The timing matters because the real power over Maunakea is shifting. The Maunakea Stewardship and Oversight Authority, created by Act 255 in 2022, is set to take over summit management from the University of Hawaii. The transfer was first discussed as June 2028 and later pushed to December 2029, placing the authority at the center of any future decision on telescope development, decommissioning or reuse of sites on the mountain. For now, that means the next major gatekeeper is not the university, but the new board that will inherit responsibility for the summit.

The legal backdrop is already heavy.
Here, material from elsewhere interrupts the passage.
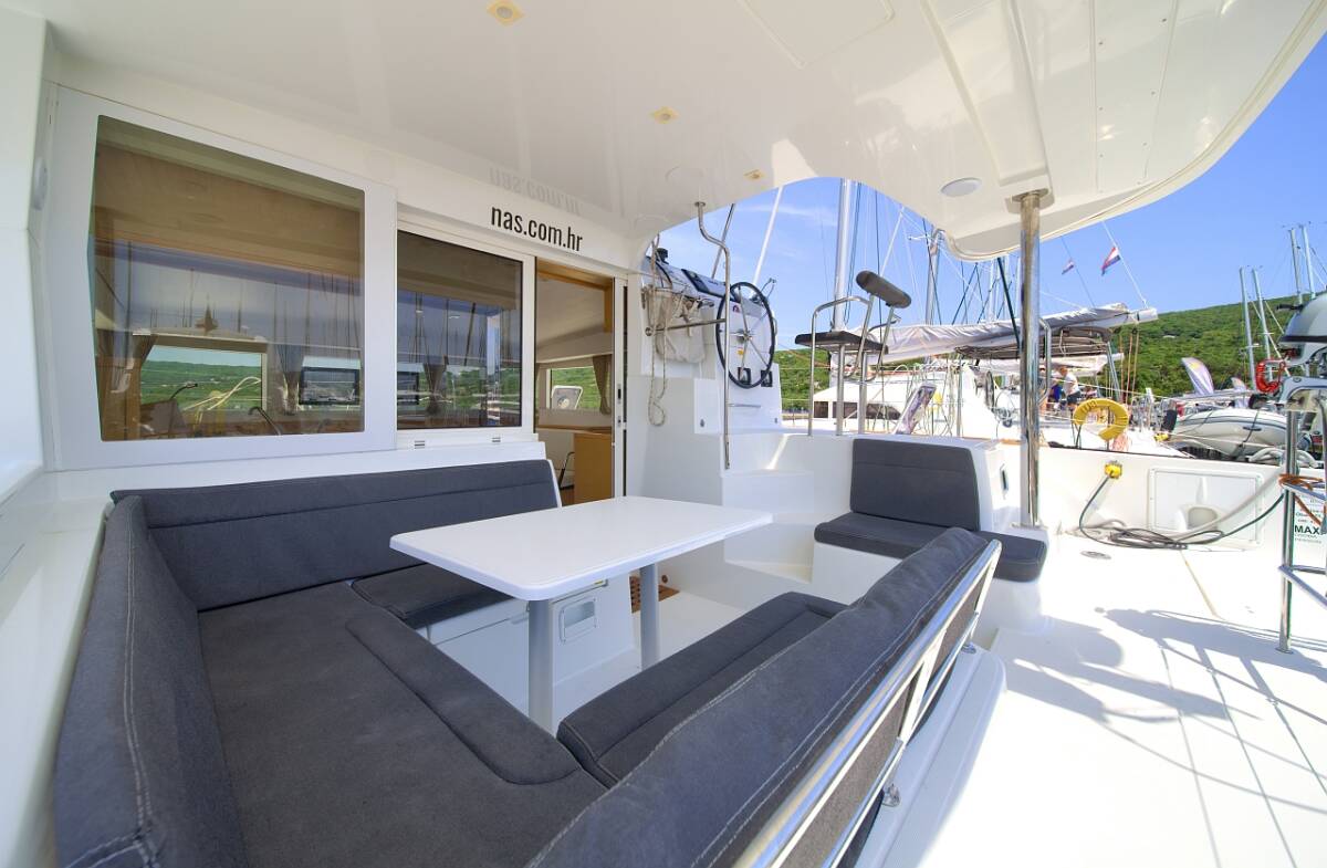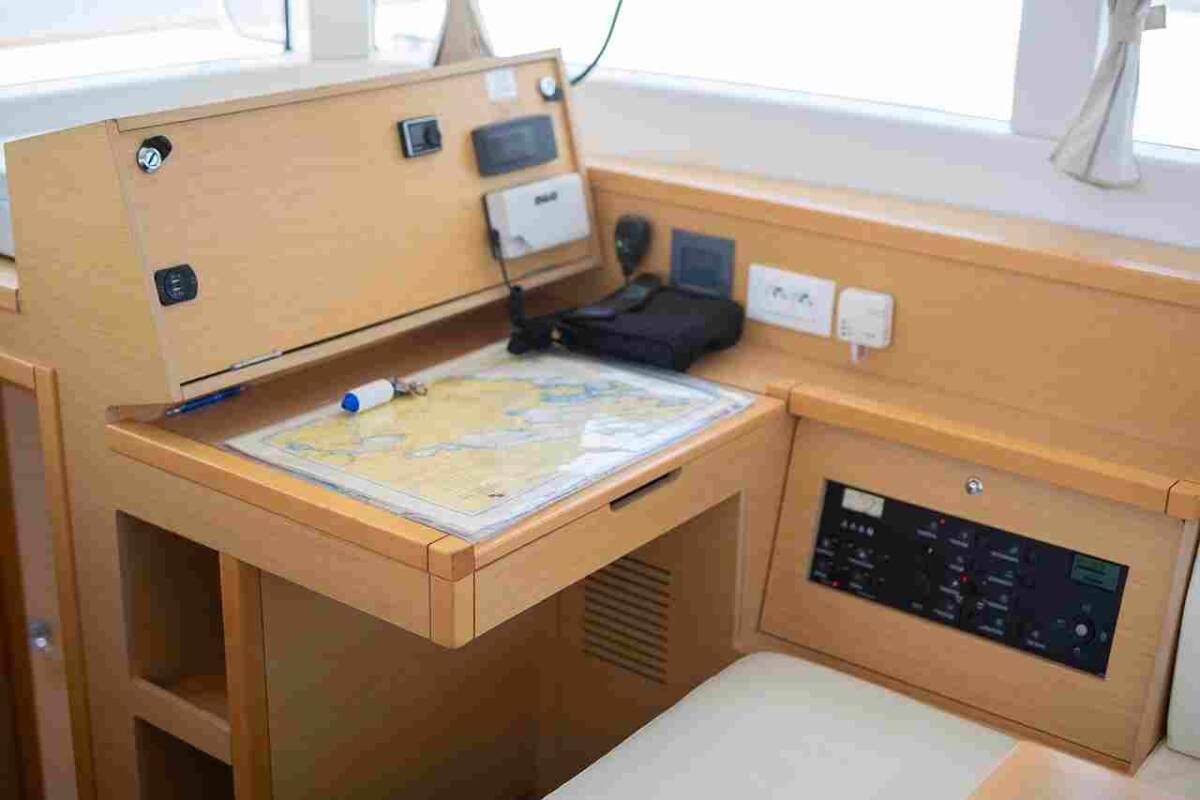 Die Lagoon 39 "Vertigo" ist ausgestattet mit einem Großsegel und einem Genoa sowie einer Bimini Top, Autopilot, Heizung, GPS Kartenplotter - Cockpit.
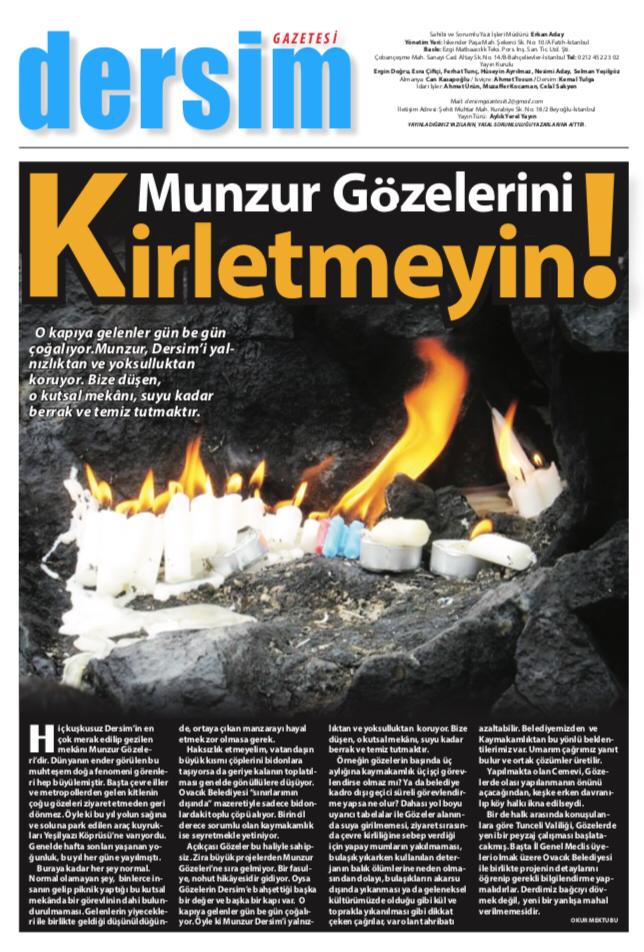 Ayrıca gazetede Pertek Dere Nahiyesi’nde açılan değirmen, Avrupa’daki Dersim kurumları doğasına sahip çıkıyor haberleri ve “Munzur Gözeleri’ni kirletmeyin” çağrısı yer alıyor. (HABER MERKEZİ)

In 2017, Suzanne Case, then chair of the Board of Land and Natural Resources, granted the University of Hawaii at Hilo a conservation district use permit for TMT. Opponents later challenged whether the project met permit conditions and deadlines. In June 2024, the Hawaii Supreme Court ruled the state broke the law when it took control of the Maunakea Access Road and turned it into a state highway before the 2019 protests. A separate 2024 ruling said the designation took almost all property rights from the Department of Hawaiian Home Lands.
TMT’s financial position has also weakened. The National Science Foundation withdrew support in its fiscal year 2026 budget plan, adding uncertainty to the project even as project manager Fengchuan Liu told the board the telescope could still work if it moved to the former Caltech Submillimeter Observatory site, which was fully dismantled in 2024. That alternative would keep construction off the summit while still testing whether a compromise location can survive political and regulatory scrutiny.
Opponents have made clear they see no compromise on the mountain itself. Their movement has been active since at least 2014, and in April 2015, 31 people were arrested after blocking the Maunakea Access Road to keep construction crews away from the summit. By Tuesday, a Change.org petition tied to the dispute had reached 500,527 signatures, showing how far the issue still reaches beyond the Big Island. The cease-and-desist letter does not end the fight, but it sharpens the question now facing Maunakea governance: who can move the project forward, and who has the power to stop it.